Let the efficiency of humans be ‘h’ and the efficiency of robots be ‘r’.

In the first case,

Total work = (15h + 5r) * 30……(i)

In the second case,

Total work = (5h + 15r) * 60……(ii)

On equating (i) and (ii), we get

(15h + 5r) * 30 = (5h + 15r) * 60

Or, 15h + 5r = 10h + 30r

Or, 5h = 25r

Or, h = 5r

Total work = (15h + 5r) * 30 = (15h + h) * 30 = 480h

Time taken by 15 humans = $\dfrac{\text{480h}}{\text{15h}}$ days= 32 days.

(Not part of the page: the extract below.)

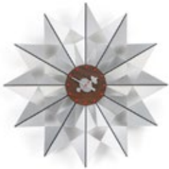
Flock of Butterflies, aluminium, Ø 610

Hence, option C is the correct answer.

**Question 7: **Point P lies between points A and B such that the length of BP is thrice that of AP. Car 1 starts from A and moves towards B. Simultaneously, car 2 starts from B and moves towards A. Car 2 reaches P one hour after car 1 reaches P. If the speed of car 2 is half that of car 1, then the time, in minutes, taken by car 1 in reaching P from A is

**7) Answer: 12**

**Solution:**

Let the distance between A and B be 4x.

Length of BP is thrice the length of AP.

=> AP = x and BP = 3x

Let the speed of car 1 be s and the speed of car 2 be 0.5s.

Car 2 reaches P one hour (60 minutes) after Car 1 reaches P.

=> x/s + 60 = 3x/0.5s

x/s + 60 = 6x/s

5x/s = 60

x/s = 12

Time taken by car 1 in reaching P from A = x/s = 12 minutes.

Therefore, 12 is the correct answer.

**Question 8: **When they work alone, B needs 25% more time to finish a job than A does. They two finish the job in 13 days in the following manner: A works alone till half the job is done, then A and B work together for four days, and finally B works alone to complete the remaining 5% of the job. In how many days can B alone finish the entire job?

a) 20

b) 22

c) 16

d) 18

**8) Answer (A)**

**Solution:**

Let us assume that A can complete ‘a’ units of work in a day and B can complete ‘b’ units of work in a day.

A works alone till half the work is completed.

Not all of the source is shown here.